Хлопнула дверь. В гостиной упало на пол что-то стеклянное. Я посмотрела на братика и рассмеялась.
– Это совсем не смешно.
– Нет, Спутник, наоборот, – я сделала резкий вдох, – это невероятно смешно. – Меня трясло. – Мы живем в сумасшедшем доме, в сумасшедшей стране с буйными психами, а теперь нас еще хотят замуровать, просто комедия, и деваться нам некуда. Как в клетке, правда, просто комееедия.
Спутник тоже начал смеяться.
– Комееедия, – повторил он. А потом умолк и уставился в пустоту.
– Что такое? – спросила я.
– Йорг, этот идиот, теперь получит мой серп.
– Что за серп?
– Серп гнома, господи, моя роль в «Белоснежке».
Он спрятался с головой под одеялом.
– А как он выглядит?
– Серебряный, с зеленой ручкой.
– Ой, Спутник. Подрастешь и забудешь.
– Нет, никогда.
Я уставилась в потолок. Глубоко вздохнула, на несколько секунд задержав воздух в легких.
– Да, – признала я, – ты прав. Никогда.
У себя в комнате я разделась, сняла блузку, штаны, чулки, вообще все, и осталась совершенно голой. Я стояла перед зеркалом и чувствовала себя одиноко.

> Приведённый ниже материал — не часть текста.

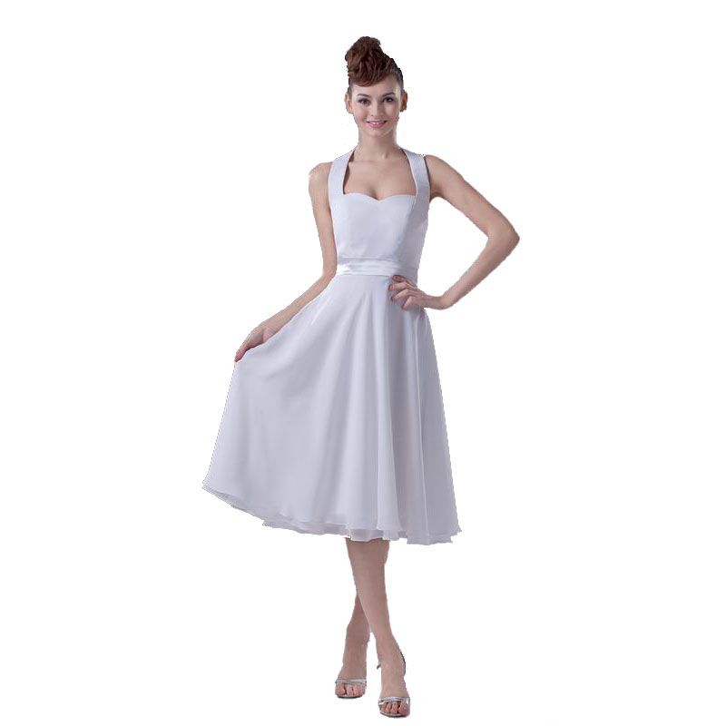 2017 Summer Wedding Dress White Chiffon Halter Neck Knee Length Halter Dresses For Summer Wedding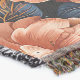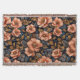 Motif floral vif avec de grandes fleurs stylisées de couleur pêche sur fond sombre. Les fleurs sont détaillées avec des textures riches et des motifs complexes, accompagnées de feuilles vertes luxuriantes et dorées qui rehaussent l'élégance générale de la composition.

Мысли о случившемся не покидали даже во сне. Я с тоской прокручивала события снова и снова, что-то убирала или меняла, связывала надежду с реальностью, пыталась отнять всемогущество у Хаджо, избавиться от чувства стыда. Посреди ночи я проснулась. Побежала в туалет из-за подступающей тошноты. Увидела в зеркале собственное лицо. Оно не изменилось. Мать всегда уверяла, что заметит.
– Что? – спросила я.
– Нууу, ты понимаааешь.
– Нет.
– Ну, первый раз… Он меняет каждую женщину.
Вранье. Я выглядела абсолютно так же.
Визит в Веймар
Как только мы получили первую визу для поездки в Восточную Германию, как мои родители с упорным отрицанием называли ГДР, мы поехали в Веймар. Праздновать восьмидесятилетие Жана. Мне разрешалось так его называть. Только мне и моему отцу. Мне нравилось это имя, оно напоминало о Париже, об аромате духов, который окутывал комнату и долго витал даже после его ухода. Жан. Его облик олицетворял все, чего я не знала, где еще никогда не бывала, но куда меня все сильнее тянуло.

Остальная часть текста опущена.